The Sh150 billion contract, which will be awarded in May, will see construction of the 180 kilometre road start in November and run for three years.
The plan is to collect funds that will be used to maintain the country’s major arteries such as Mombasa-Nairobi highway, the Nairobi Southern by-pass, Thika Super Highway as well as the Nairobi-Nakuru-Mau Summit highway.
“The tender for the construction of Nairobi-Nakuru-Mau Summit road will be awarded in the next four months and we expect the contractor to move on site in November.
“The project may look like it has been abandoned because it’s taking too long but that’s not true,” said Kenya National Highways Authority (KenHa) director general Peter Munindia on Friday.
Mr Munindia, who was speaking to Sunday Nation in an interview, said the government decided to start with construction of Nairobi-Nakuru-Mau Summit road to learn a few lessons before embarking on setting up of other toll highways.
He expressed optimism that they will get the best firm out of the three that have been shortlisted for the contract award.
The scope of the work, according to Mr Munindia, will include expansion of the said road into a four-lane dual carriage way from Rironi to Mau Summit.
The plan also involves the re-carpeting of Rironi-Mai Mahiu-Naivasha (Escarpment road).
The firm that will win the tender will also be expected to operate and maintain the recently constructed Nairobi Southern Bypass.
A qualified bidder will as well maintain the Gitaru-Rironi section, whose re-construction started last year under James Gichuru-Rironi Road Project.
“Ten contractors had placed their bids for this job. After thorough evaluation, the number has been reduced to three. We will soon award the best contractor for the job. He will be expected to build, maintain, manage and operate the highway and recover his money from motorists in the form of user fees,” he said.
When tolling was first mooted four years ago, it was proposed that motorists would be charged at the rate of Sh1.79 for pick-ups and matatus, and Sh1.20 per kilometre for passenger vehicles.
Large trucks were to part with Sh3.59 per kilometre, medium trucks Sh2.39 and buses Sh2.39 for the same distance.
Road tolls were initially introduced in Kenya in the late 1980s but were scrapped in the mid-1990s in favour of the Roads Maintenance Levy to eliminate rampant corruption at the stations.
Tolling has, however, faced many hurdles, including a demand that the government provides alternative freeways for those who are unable to pay, or those who do not want to use the new roads.

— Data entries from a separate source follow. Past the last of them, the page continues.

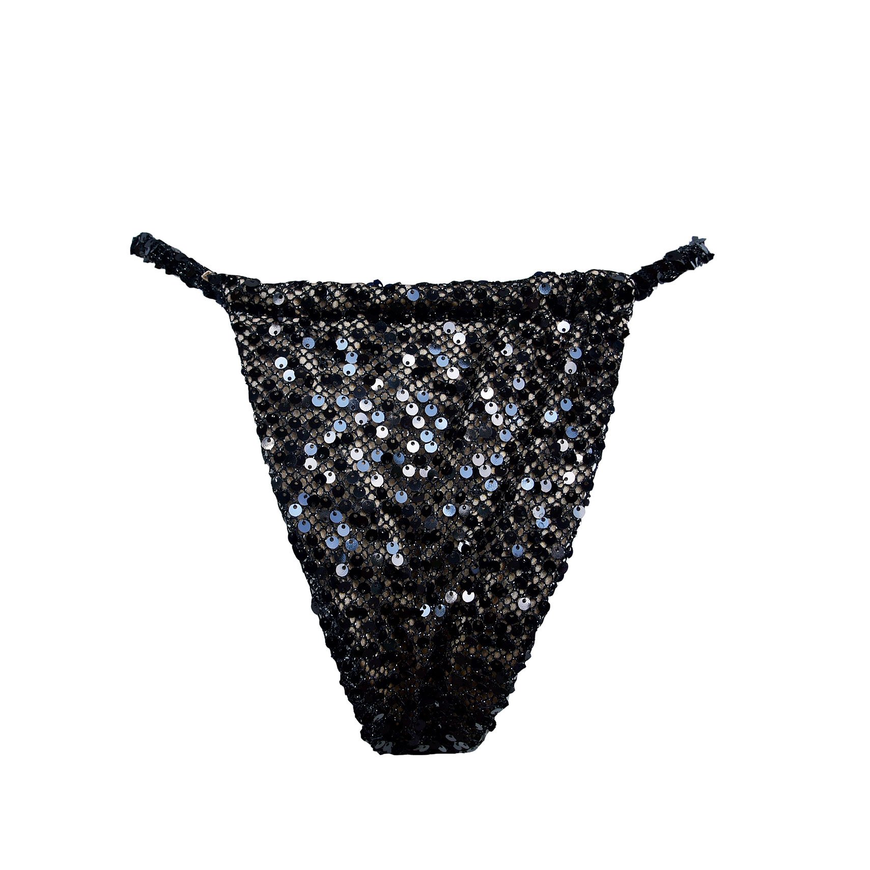 BLACK SEQUIN MESH BIKINI BOTTOM
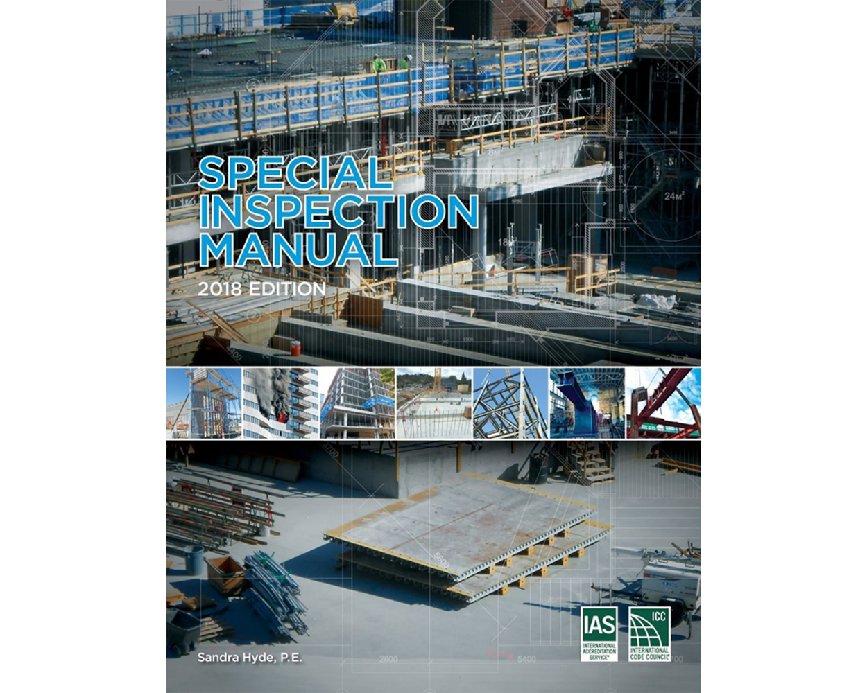The Special Inspection Manual gives detail to oversight and increased inspection requirements. The manual contains the requirements involving special inspection within the International Building Code, descriptions of the required special inspections and information on creating a special inspection program. It supports preparation for special inspection certification exams and aids building departments in their creation of procedures and forms to run a special inspection overview program.
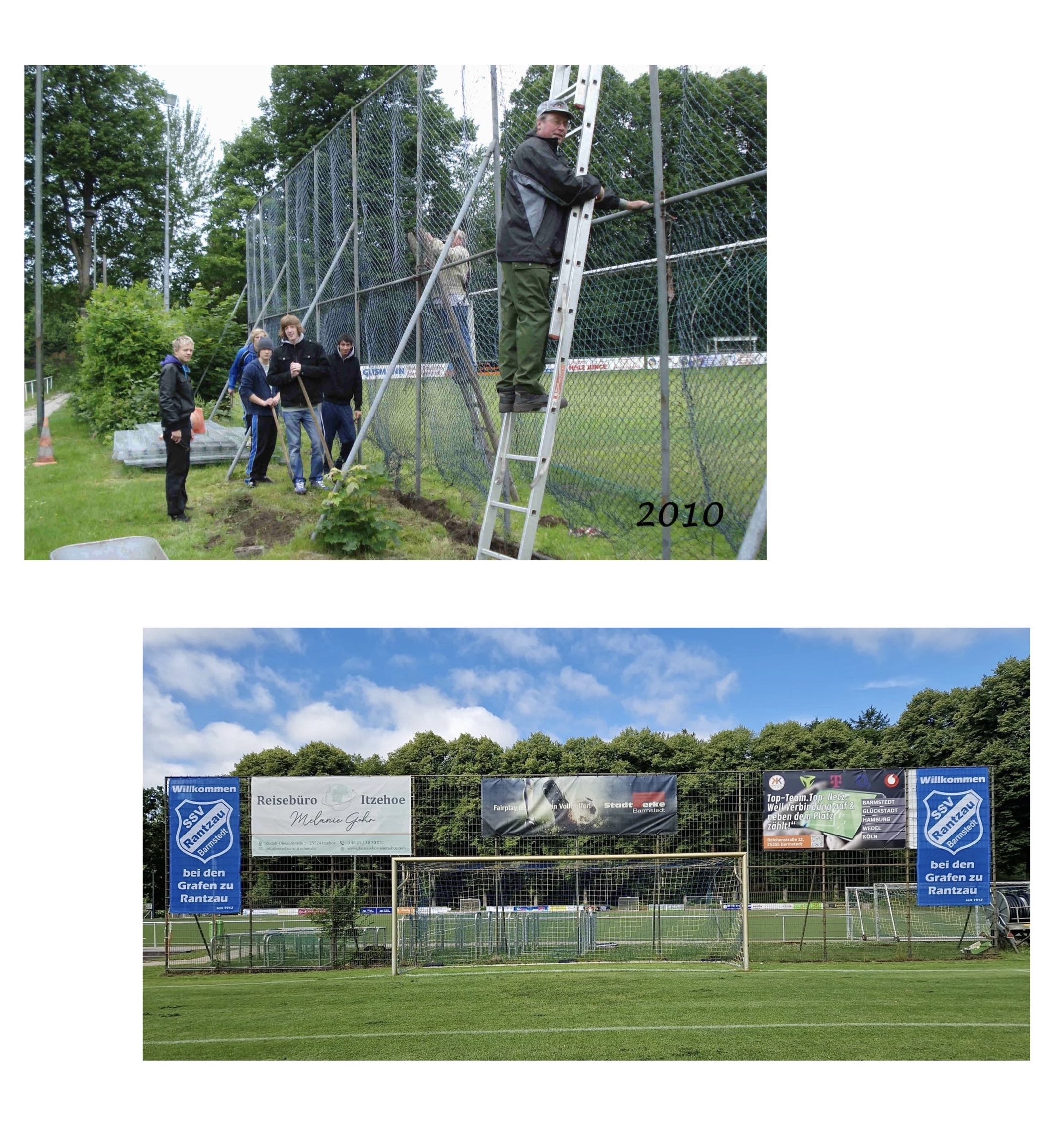 Jahrelang führten die Ballfangzäune hinter den Toren auf Platz D1 optisch ein eher tristes Dasein. Doch dank des rührigen Sponsoring-Teams um Eddy Behnemann ist mit den neuen Werbebannern hinter beiden Toren Farbe eingekehrt. Ergebnis: Die Düsterlohe hat an Attraktivität weiter gewonnen. Das war 2010 beim Bau der Ballfangzäune durch den SSV-Arbeitsdienst mit dem damals wie heute fleißigen Hans-Jürgen Scharlach an der Spitze sicherlich nicht zu erahnen. Mit auf dem Archivfoto mit Manni Grundschok übrigens ein weiterer SSV-Superoldie sowie Aktive der damaligen A-Jugend. Und selbstverständlich wurde nicht vergessen, nahe der Anlage eine „Zeitkapsel“ mit damals aktuellen Tageszeitungen und heute historischen Dokumenten zum Bauvorhaben im Erdreich zu „verbuddeln“. Das war vor nunmehr fünfzehn Jahren …

Other projects earmarked for tolling include the Nairobi-Mombasa highway, the Second Nyali Bridge that will connect Mombasa Island to the mainland.

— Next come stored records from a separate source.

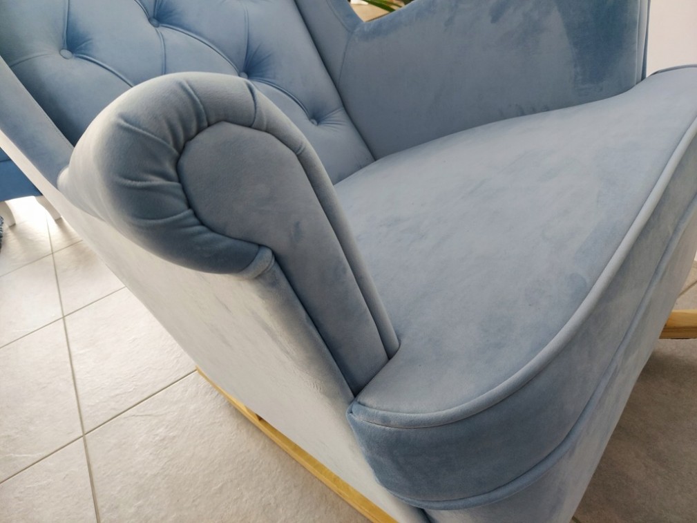 PIĘKNY DUŻY SOLIDNY FOTEL BUJANY MALAGA USZAK W KOLORZE BŁĘKITNYM Z DREWNIANYM PŁOZAMI WZÓR PIKOWANIA OPARCIA KARO GUZIKI
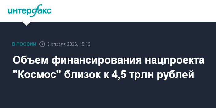 Объем финансирования нацпроекта "Космос" близок к 4,5 трлн рублей
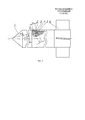 Сущность изобретения поясняется Фиг. 1, где изображен продольный разрез вращающегося реактивного снаряда.The invention is illustrated in FIG. 1, which shows a longitudinal section of a rotating missile.
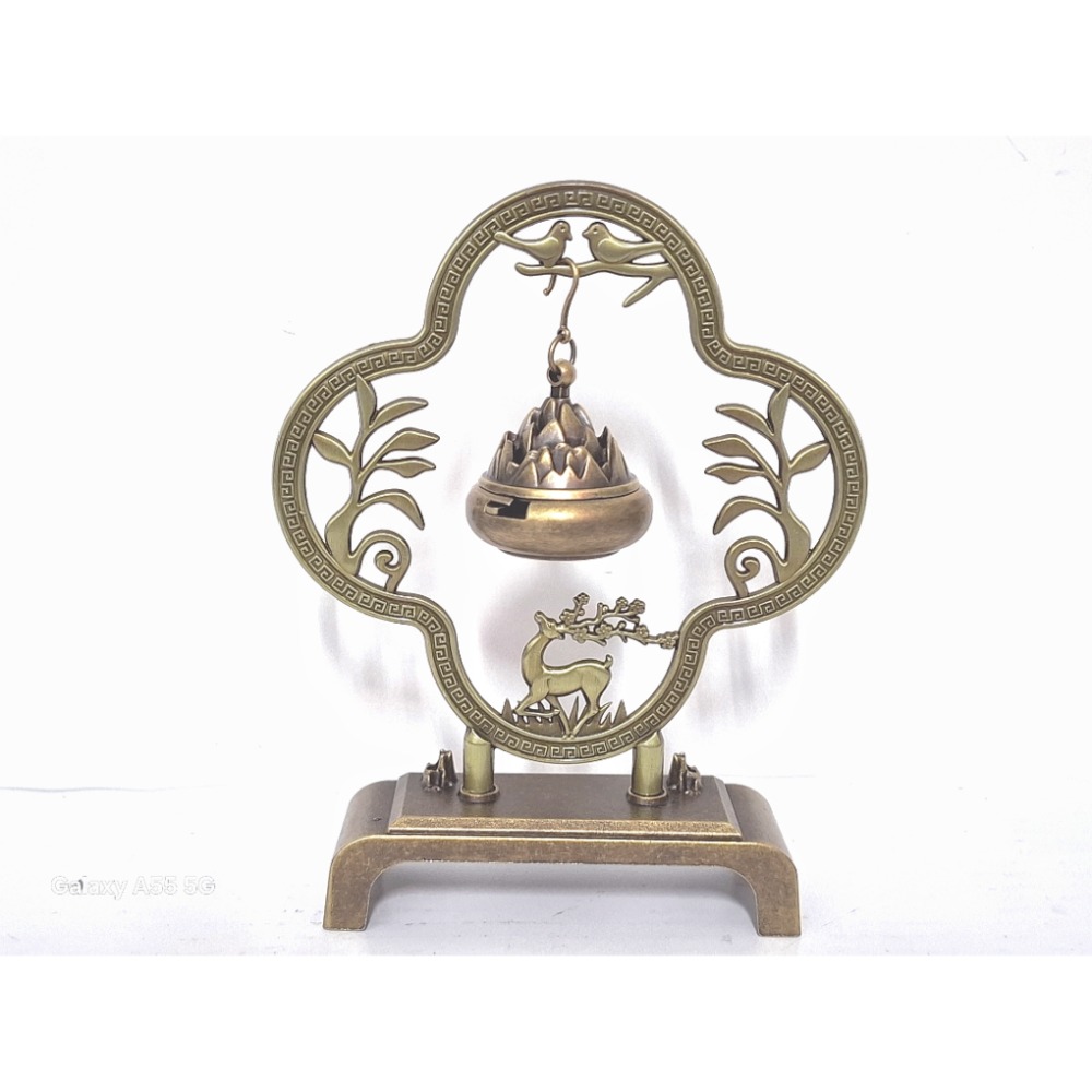 此款精緻復古銅製一鹿(路)平安香爐擺飾寓意深遠,設計獨特,以優雅的梅花鹿、靈動的飛鳥與繁茂的枝葉為主題,構成一幅生動的自然景象。香爐主體懸掛於精美的鏤空框架之中,爐蓋造型宛如山巒疊嶂,增添一份古典韻味。不僅是焚香的實用器皿,更是提升居家品味、茶道空間或辦公室氛圍的藝術擺件,亦可作為收藏品。 Size:12.5×3.2×15.7cm,/150g
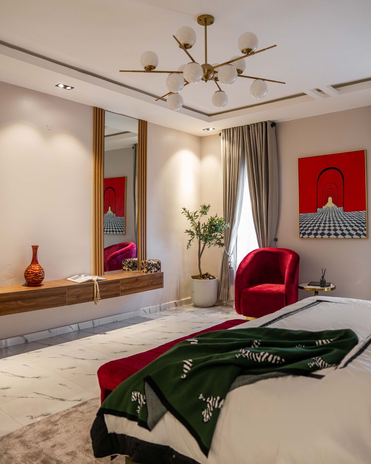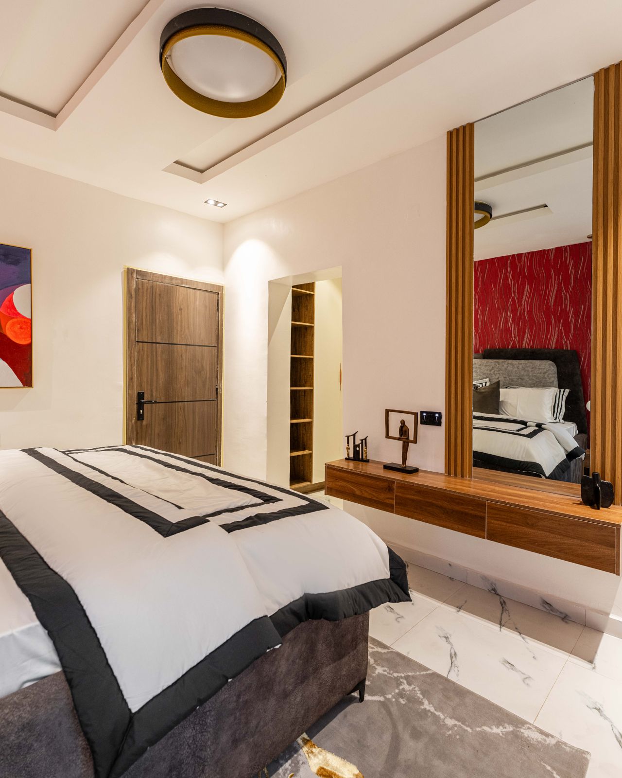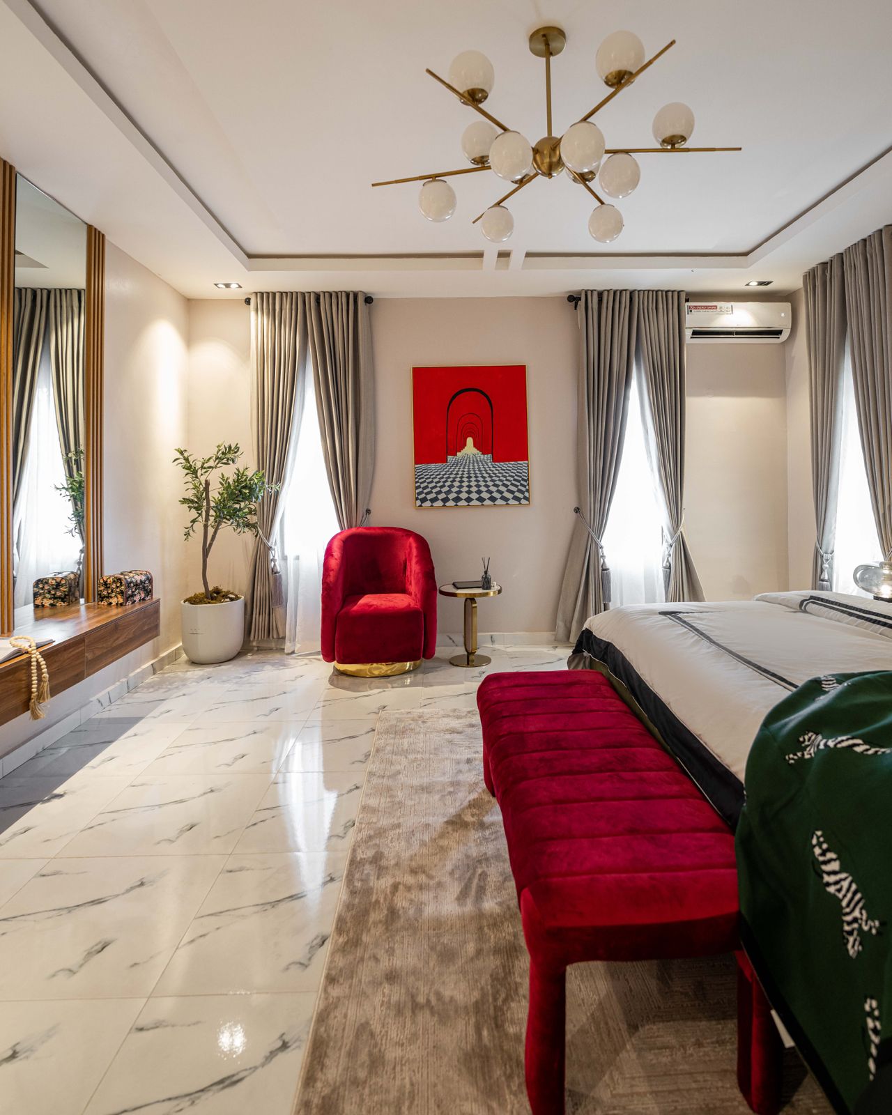 Tucked away in the quiet charm of Umudike, Abia State, PRJ J-VILLA is a private sanctuary of refined living. This 5-bedroom mansion, featuring a penthouse roof and an adjoining 3-bedroom bungalow, was designed as the client’s country escape, where elegance, comfort, and timeless luxury coexist in harmony.

The new projects are expected to cost Sh320 billion with maintenance leases running for between 10 and 30 years.
The government has in the past said money collected through the Road Maintenance Levy has not been adequate to cater for repairs, hence the need to get additional revenues.

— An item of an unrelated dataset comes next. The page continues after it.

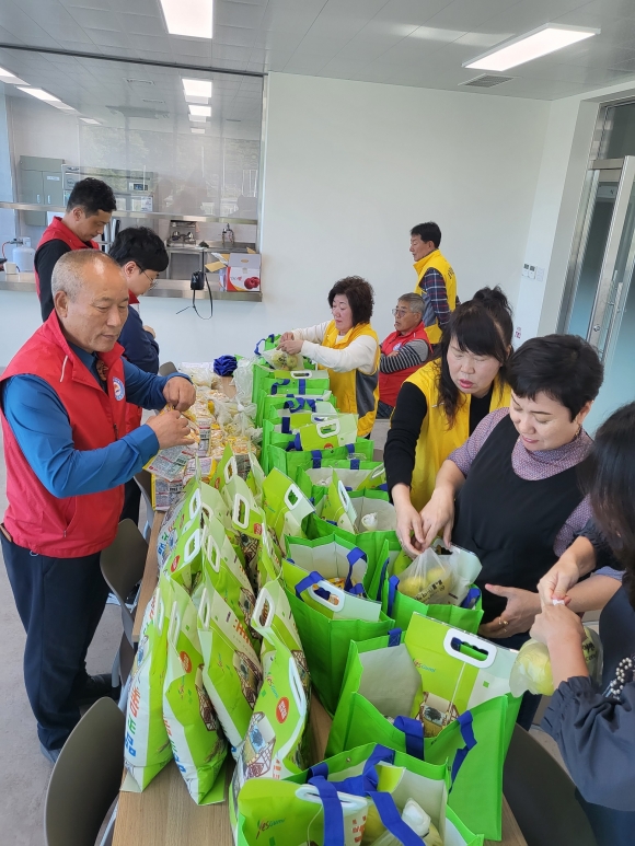 | 대덕면 마을 복지계획 실행위원회(위원장 윤광혁)는 지난 10월 18일 「마음나눔 행복 만찬」 식재료 꾸러미 만들기 행사를 했다. 추수의 계절 가을을 맞이하여, 햅쌀과 대덕에서 생산된 사과와 부식 재료로 구성된 꾸러미 전달을 통해 안부를 묻고, 소외된 이웃 챙기기에 마을복지실행 위원들이 나섰다.
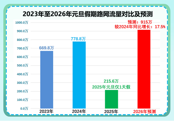 根据路网变化及近年元旦假期路网流量数据走势分析,预测2026年元旦假期全省高速公路出入口总流量为915万辆,日均305万辆,约为平日流量的1.3倍,较2024年元旦假期同比增长17.5%,较2025年元旦假期(1天)同比增长52%。预判峰值日出现在1月1日(假期第一天),峰值流量约为326万辆,约为平日流量的1.4倍。

In 2016, Sh40 billion was collected through the levy, which is factored in the retail price of fuel. It currently stands at Sh18.
Human and consumer rights groups have criticised the road tolling plan saying since motorists pay normal taxes and the fuel levy, compelling them to part with a toll for road use would amount to the government engaging in multiple taxation.
Lack of introduction of toll-free alternatives for those who do not want to pay as is global practice has heightened opposition to the plan.
Tolling of roads has — in countries where it is in use — raised weighty human rights, equity and fairness issues that have been canvassed in courts of law, causing long delays in their execution.